Release Date: 30/01/2019 11:15
Code(s): UAT     PDF:  
 
Wrap Text
Ministerial consent for the sale of Sesikhona Klipbrand Colliery (Pty) Limited (“Sesikhona”) and general update

UNION ATLANTIC MINERALS LIMITED
(Formerly Miranda Mineral Holdings Limited)
("Union Atlantic" or "the Company")
(Registration Number 1998/001940/06)
Share Code: UAT
ISIN: ZAE000254214

MINISTERIAL CONSENT FOR THE SALE OF SESIKHONA KLIPBRAND
COLLIERY (PTY) LIMITED (“SESIKHONA”) AND GENERAL UPDATE

Sesikhona

The Board of Directors of Union Atlantic is pleased to announce that the Company has received
Section 11 Ministerial consent for the change in control in the shareholding of Sesikhona.
As a consequence of the only outstanding condition precedent now having been fulfilled, the
sale of the remaining 37% interest in Sesikhona to Osho SA Coal Resources Proprietary
Limited (“Osho”) has been implemented in accordance with the terms of the sale agreement.
(see SENS announcement dated 25 May 2017).
Payment of the second tranche of the purchase consideration, being the sum of R2.5 million,
is due and payable against transfer of the 37% interest in Sesikhona to Osho.

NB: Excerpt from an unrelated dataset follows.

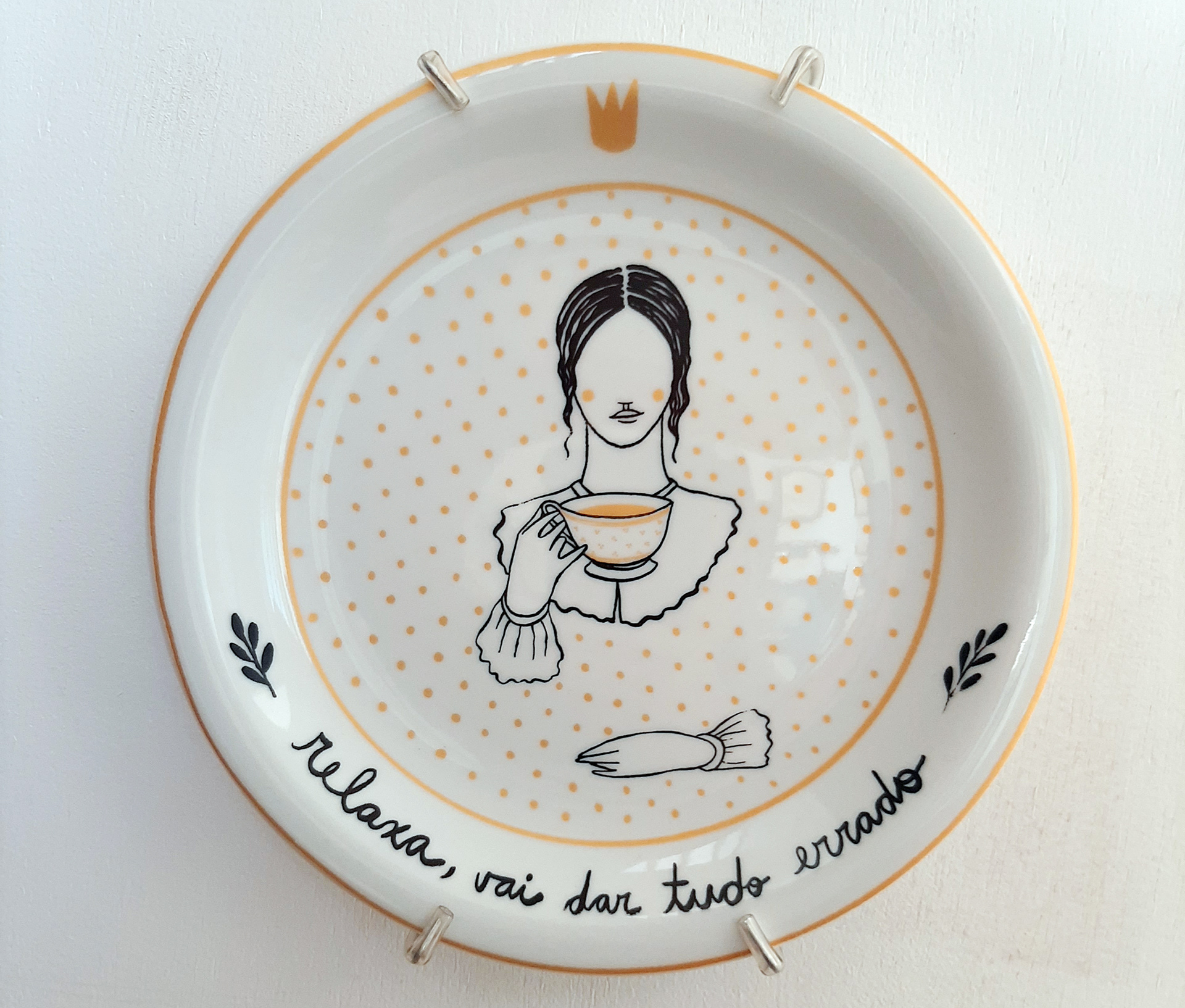 decalque preto e dourado sobre louça

A final production initiation bonus payment of R 2.5 million will be payable by Osho to the
Company in equal tranches monthly over a period of six (6) months and will be initiated three
months after the date of commencement of production at Sesikhona.

All litigation between the parties has ceased.

Rozynenbosch

It has come to the attention of the management of the Company that the rights for gold and
silver at Rozynenbosch have been issued to an unknown third party. Management has advised
the Department of Minerals Resources (“DMR”) that the award for silver is contrary to the
documents filed by the Company, which have always included silver in the applications, and
that due process and consultation was not followed by the third party.

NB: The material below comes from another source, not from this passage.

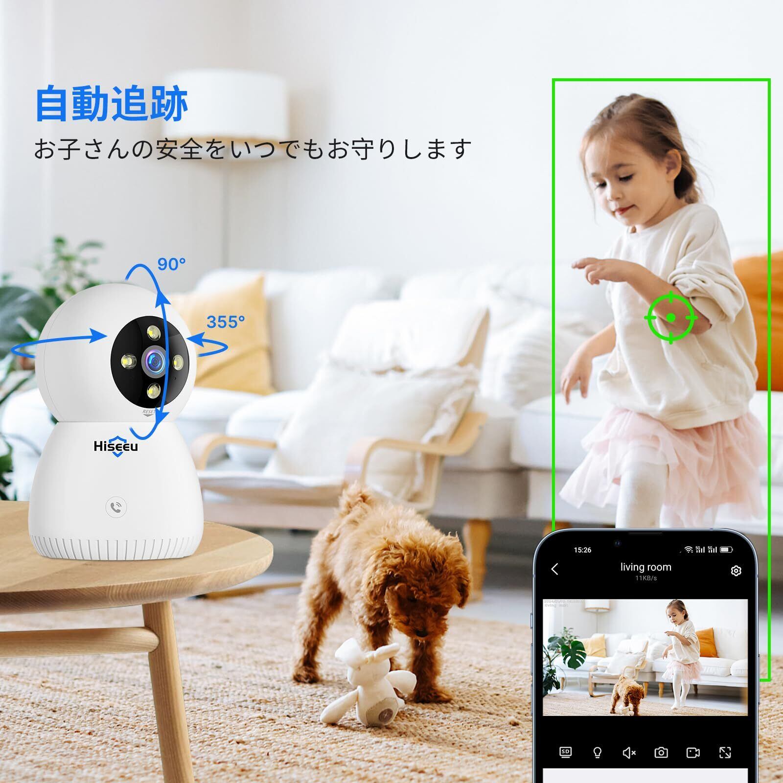 【500万画素&360°フルカバー】500万高解像度で、可動範囲は水平355°&垂直90°、さらに110°広角レンズを備え360°の視野を確保しました。さらに6個のLEDを搭載したこのPTZカメラは、完全な暗闇でも動きを検出すると鮮明に映像を表示します。Hiseeu屋内WiFiカメラは他の人と共有できるので、家族との素敵な思い出を楽しむことができます。

In addition, the historic content of documentation between the Company and the DMR reflect
silver as being part of the Rozynebosch right. The Company is of the view that the right to
silver has been erroneously awarded to the third party and has taken steps to have this set aside.

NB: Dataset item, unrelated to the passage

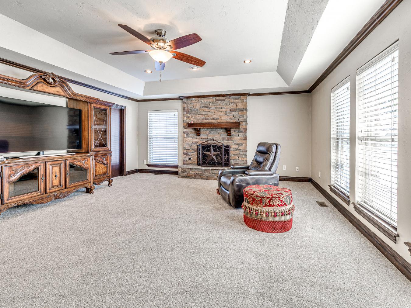 This Gorgeous Executive Home is on ONE Level with 3632 total square feet, 4 Beds, 3 Baths, 2 Living Areas, & a 3 Car Garage. Updates have been done including a Large Island with an open concept floorplan opening up the Large Kitchen, Island, Living Room, Breakfast Nook, & Formal Dining. There are 2 Living Room areas and 2 Fireplaces with Gas Logs in each of the 2 Living Rooms. ROOF replaced in 2024 & Full Guttering with Gutter Guards, Huge Kitchen with Stainless Steel Appliances, Pull-Out Shelving, Massive Island, Storage Galore, Double Ovens, Pantry, New Dishwasher (2023). This Home has been Maintained Meticulously & is Pristine: Brand new Carpet installed in Master/Primary Bedroom & Main Living Room Jan 12, 2026. Master Bedroom & Living Rooms had Glass Doors replaced in 2021. Both Hot Water Tanks replaced: one in Nov 2025 & one in Nov 2021, and both HVAC units replaced in August 2021 with Trane Units, Fence replaced in 2021 with Metal Poles. Garage painted & LED lights added. Soffit lights 2021 (front & east side added). Seller would like to close in the middle of April or after.

Management has directed the appropriate appeals to the DMR and has taken legal steps to
ameliorate the risk and to secure the rights of the Company. The financial effects of the
exclusion of silver are described in the Competent Persons Report published in 2018.
Management is confident of a positive resolution to the matter.

Annual Financial Statements and Integrated Report for 2018

The Annual Financial Statements for the year ending 31 August 2018 are currently being
audited and management anticipates that these will be finalised shortly. The Integrated Report
for 2018 is nearing completion. Details of the Annual General Meeting of shareholders will be
contained therein.

Comment by the Company CEO, Theo Botoulas

“The closure of the Sesikhona transaction represents a significant milestone in our restructuring
plans for the new Company. It not only rids stakeholders of the overhang of litigation, but also
disposes of a non-core asset for cash and allows management to focus on completing the
restructuring and rebuilding process.”

“The planning of further brownfields exploration work at Rozynenbosch has been formalised
and management awaits a positive outcome from the DMR regarding the rights to silver in the
minerals assemblage before proceeding further.”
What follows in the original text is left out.